# Summer Beer



## bigfurmn

We have covered winter beers so, what is your favorite summer beer. I believe that as the temp goes up, the quality of beer goes down. Being that quantity goes up!


----------



## tropics

I only rent cheap beer all seasons LOL
Richie


----------



## kruizer

Lienies Honey Wiess and Summer Shandy


----------



## PPG1

Nothing beat an ice cold Rolling Rock..._Except 3 fingers of Jack Daniels_


----------



## bigfurmn

kruizer said:


> Lienies Honey Wiess and Summer Shandy



Such a Minnesota answer . I like I lighter IPA or ale for summer. I don't get too into the fruit and things unless... Maui Brewing Pineapple Mana wheat. Sounds weird, costs a lot, but damn it's good.


----------



## SmokingUPnorth

Nice cold Budweiser fresh out of the cooler I have in the garage!


----------



## SmokingUPnorth

bigfurmn said:


> Such a Minnesota answer . I like I lighter IPA or ale for summer. I don't get too into the fruit and things unless... Maui Brewing Pineapple Mana wheat. Sounds weird, costs a lot, but damn it's good.



if I had a dollar for every Maui Big Swell I had at  Lanikai or Waimea Bay I’d probably be $9,000 richer.  Never tried the PineappleMana Wheat though


----------



## Hamdrew

When I drank beer, summer meant (a lot of) Busch and Old Mil, little Rolling Rock for nationally available macros; Bell's Oberon, SN Summerfest and PA/Summer mixed packs, and pretty much any/all session IPAs. Lagunitas' big reds when applicable. Even more Two Hearted and Furious than the rest of the year.


----------



## bigfurmn

Drank my weight and then some (and I'm no small guy. 6'5 275lbs) of ManaWheat a few years ago in Kehei in vacation. Ended up staying about a mile from the new brewery. Very nice place to visit.


----------



## forktender

SmokingUPnorth said:


> if I had a dollar for every Maui Big Swell I had at  Lanikai or Waimea Bay I’d probably be $9,000 richer.  Never tried the PineappleMana Wheat though


Maui Big "Wave" not big swell.
I can drink about 30 of them hang'in around the pool I love them on hot days.
Shiner Bock has to be my all time favorite summer time beer.


----------



## crazymoon

BFM, I'm like Richie as I drink cheap beer all year long, I do like expensive single malts though!


----------



## SmokingUPnorth

forktender said:


> Maui Big "Wave" not big swell.
> I can drink about 30 of them hang'in around the pool I love them on hot days.
> Shiner Bock has to be my all time favorite summer time beer.

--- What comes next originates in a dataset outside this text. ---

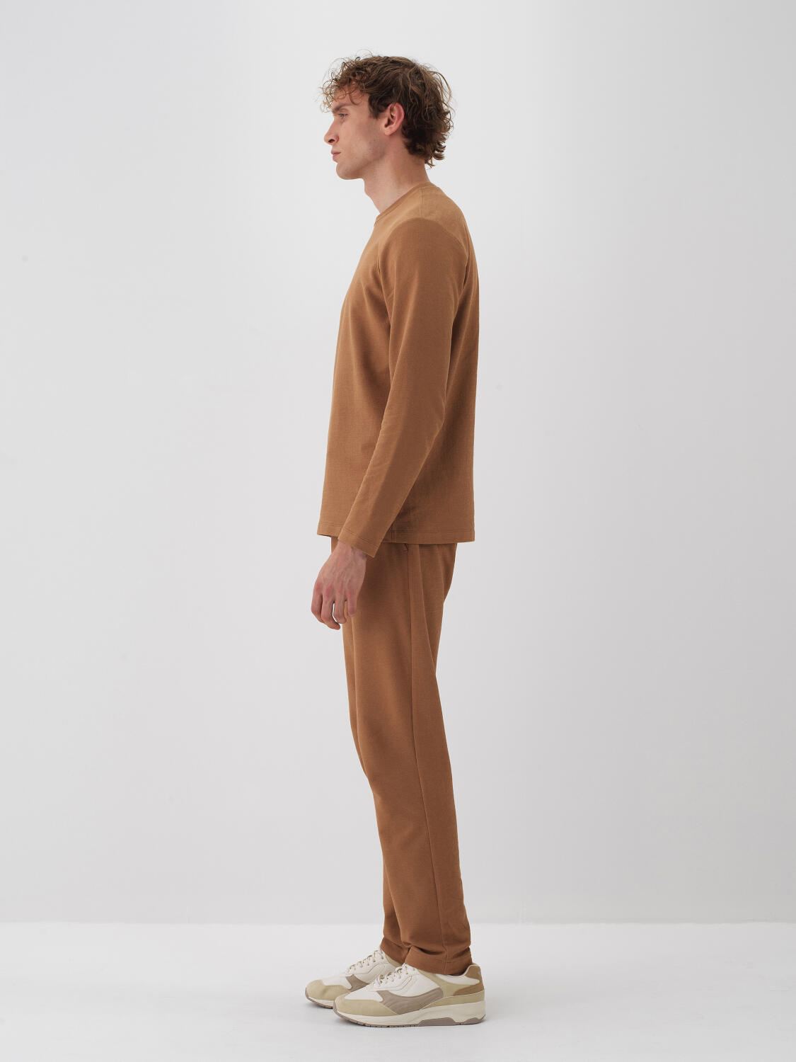 Ecru Flexible Textured Regular Fit Long Sleeve T-Shirt - Xint

Maui brewing makes a “ig Swell”
Kona brewing makes a “Big Wave”
Kona’s Big Wave is like a light beer it’s good like you said for drinking all day long.


----------



## JLeonard

My Dad retired from Coors brewing about 20 yrs ago. So I drink my share of Coors light in the summer to keep his retirement money rolling in.
Jim


----------



## PPG1

JLeonard said:


> My Dad retired from Coors brewing about 20 yrs ago. So I drink my share of Coors light in the summer to keep his retirement money rolling in.
> Jim


That would be my second choice.


----------



## bigfurmn

I enjoy everything from Hamm's to Goose Island Bourbon County. I just enjoy beer!


----------



## GentlemanJerk

Any beer with citra hops in it are my main goto for summer drinking, love the citrus flavor they give beers.  They usually are in an IPA but I have seen them used in shandies and other ales before.  Citradelic from New Belgium was my favorite, before they stopped making it.


----------



## BBQ Bird

I like chelada's in the summer:  mexican beer over ice with lots of lime juice and a salted rim.  The ice melts down enough that it almost seems hydrating.


----------



## Bearcarver

I never had any of that fancy stuff, but I'll give you a run-down on my Life with Beer:
As a Kid, before the Army:
All "Schmidts"

Army Time & in Vietnam:
Bud
Black Label
Falstaff
"33" Beer (Vietnam Beer)
Primo---Terrible Hawaiian Beer
Lone Star---Terrible Texas Beer

After Army and Home from Vietnam:
Drank a lot of---And I mean a lot !!!
Rolling Rock
Yuengling
PBR
Schmidts
Miller High Life

Until after my Open Heart Surgery Fiasco:
Then I lost my taste for all foods & drink for 7 months.
Then everything came back, except Beer & Coffee.
I got some Miller Lite in my Fridge now, that I think could be Collector's Items.

Bear


----------



## pushok2018

Whole year around: New Belgium Trippel, Imperial IPA or almost any other double or Imperial IPA's...


----------



## clifish




----------



## WaterinHoleBrew

We have a local brewery that makes a Highland Scotch Ale.  Served in a big frosty mug, it is some good stuff!


----------



## noboundaries

WaterinHoleBrew said:


> We have a local brewery that makes a Highland Scotch Ale.  Served in a big frosty mug, it is some good stuff!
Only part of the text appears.